The men all roared, none louder than Chiswyck himself, who laughed so hard at his own story that snot dribbled from his nose down into his scraggy grey beard. Arya stood in the shadows of the stairwell and watched him. She crept back down to the cellars without saying a word. When Weese found that she hadn’t asked about the clothes, he yanked down her breeches and caned her until blood ran down her thighs, but Arya closed her eyes and thought of all the sayings Syrio had taught her, so she scarcely felt it.

Two nights later, he sent her to the Barracks Hall to serve at table. She was carrying a flagon of wine and pouring when she glimpsed Jaqen H’ghar at his trencher across the aisle. Chewing her lip, Arya glanced around warily to make certain Weese was not in sight.
Fear cuts deeper than swords,
she told herself.

She took a step, and another, and with each she felt less a mouse. She worked her way down the bench, filling wine cups. Rorge sat to Jaqen’s right, deep drunk, but he took no note of her. Arya leaned close and whispered, “Chiswyck,” right in Jaqen’s ear. The Lorathi gave no sign that he had heard.

When her flagon was empty, Arya hurried down to the cellars to refill it from the cask, and quickly returned to her pouring. No one had died of thirst while she was gone, nor even noted her brief absence.

Nothing happened the next day, nor the day after, but on the third day Arya went to the kitchens with Weese to fetch their dinner. “One of the Mountain’s men fell off a wallwalk last night and broke his fool neck,” she heard Weese tell a cook.

“Drunk?” the woman asked.

“No more’n usual. Some are saying it was Harren’s ghost flung him down.” He snorted to show what
he
thought of such notions.

It wasn’t Harren,
Arya wanted to say,
it was me.
She had killed Chiswyck with a whisper, and she would kill two more before she was through.
I’m the ghost in Harrenhal,
she thought. And that night, there was one less name to hate.

CATELYN

T
he meeting place was a grassy sward dotted with pale grey mushrooms and the raw stumps of felled trees.

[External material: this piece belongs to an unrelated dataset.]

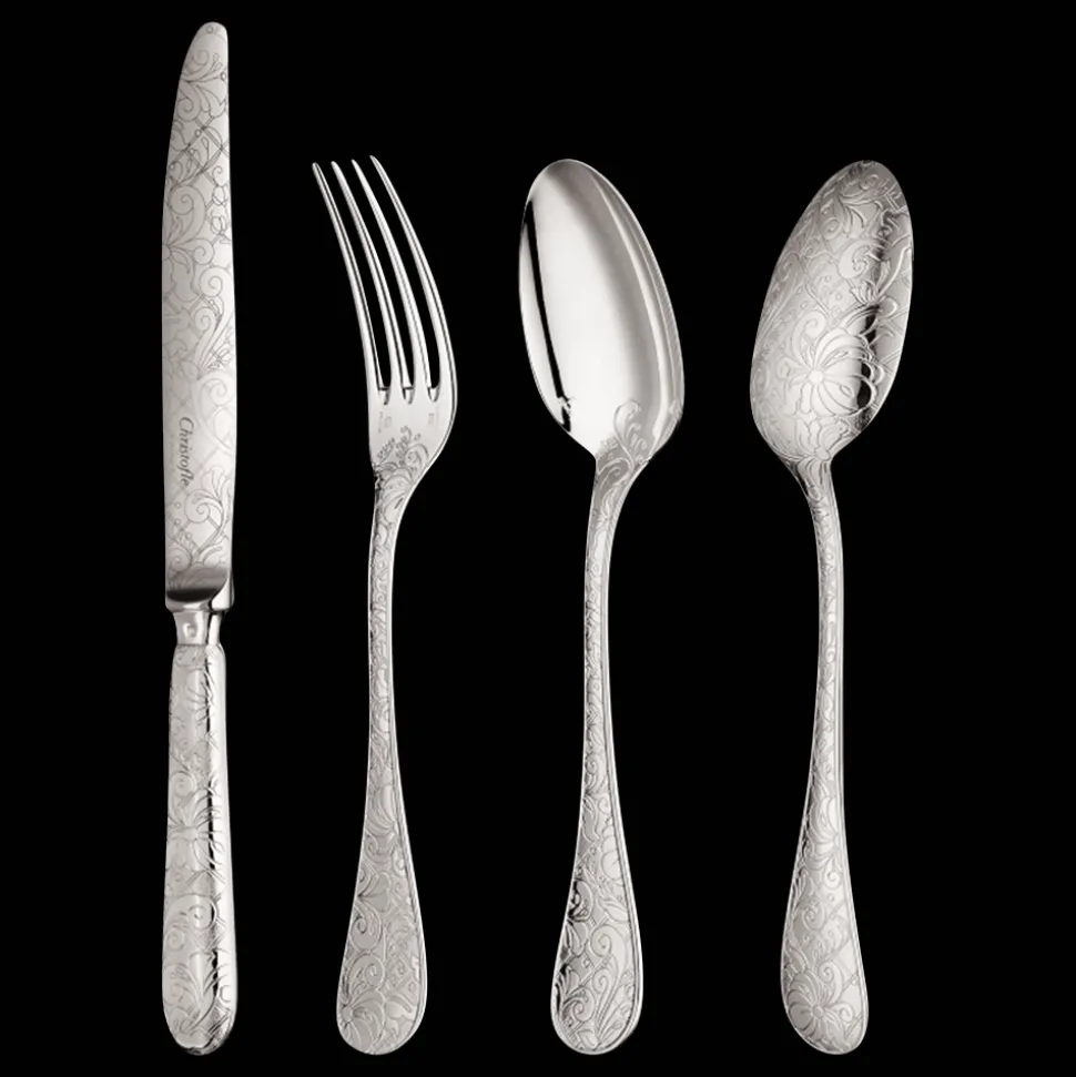 La collection de couverts Jardin d’Eden a été créée en 2010 par Marcel Wanders studio, grand nom du design contemporain. Métal argenté, argent massif ou en vermeil, les arabesques de ces pièces luxuriantes s’harmonisent avec la porcelaine et les pièces d’orfèvrerie de la même collection.

“We are the first, my lady,” Hallis Mollen said as they reined up amidst the stumps, alone between the armies. The direwolf banner of House Stark flapped and fluttered atop the lance he bore. Catelyn could not see the sea from here, but she could feel how close it was. The smell of salt was heavy on the wind gusting from the east.

Stannis Baratheon’s foragers had cut the trees down for his siege towers and catapults. Catelyn wondered how long the grove had stood, and whether Ned had rested here when he led his host south to lift the last siege of Storm’s End. He had won a great victory that day, all the greater for being bloodless.

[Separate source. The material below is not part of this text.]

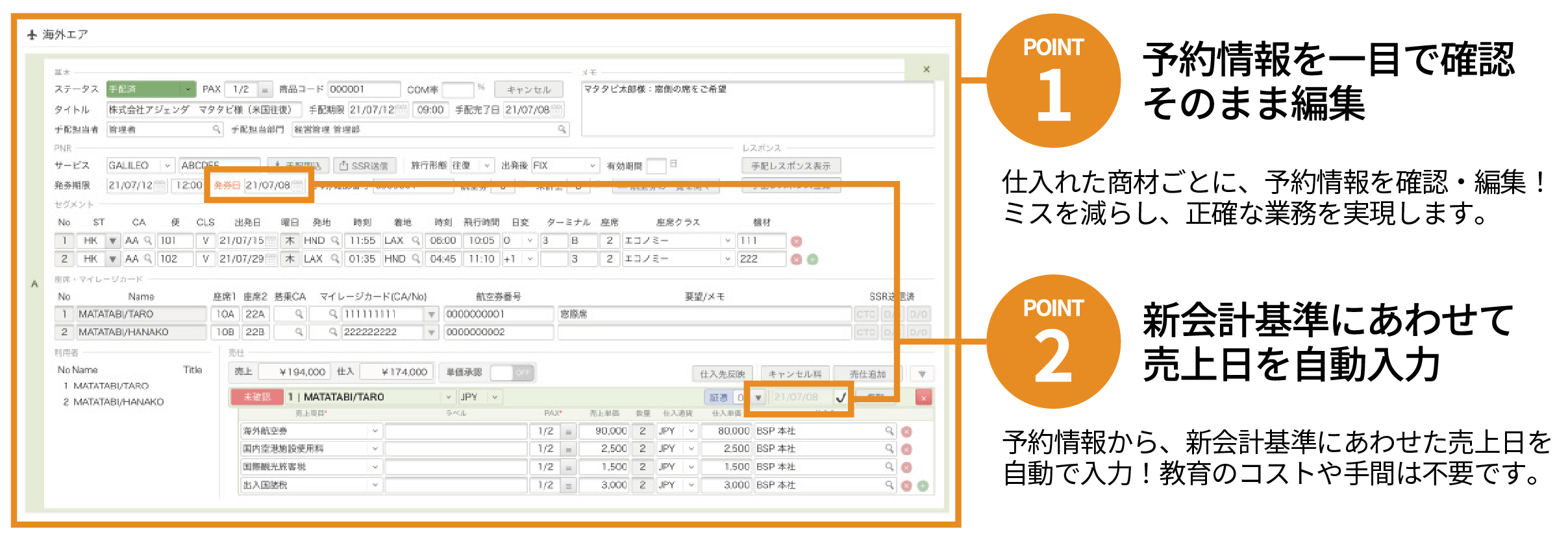 さらに本製品の操作画面には、「新会計基準に合わせた売上日の自動入力機能」を搭載。ホテルや航空券などの手配情報を入力すると、正しい売上日が自動入力されるため、新会計基準のルールを覚える必要はありません。新会計基準の学習や入力ミスへ対処する手間が不要になるため、コストダウンへ貢献します。

Gods grant that I shall do the same,
Catelyn prayed. Her own liege men thought she was mad even to come. “This is no fight of ours, my lady,” Ser Wendel Manderly had said. “I know the king would not wish his mother to put herself at risk.”

“We are all at risk,” she told him, perhaps too sharply. “Do you think I wish to be here, ser?”
I belong at Riverrun with my dying father, at Winterfell with my sons.
“Robb sent me south to speak for him, and speak for him I shall.” It would be no easy thing to forge a peace between these brothers, Catelyn knew, yet for the good of the realm, it must be tried.

Across rain-sodden fields and stony ridges, she could see the great castle of Storm’s End rearing up against the sky, its back to the unseen sea. Beneath that mass of pale grey stone, the encircling army of Lord Stannis Baratheon looked as small and insignificant as mice with banners.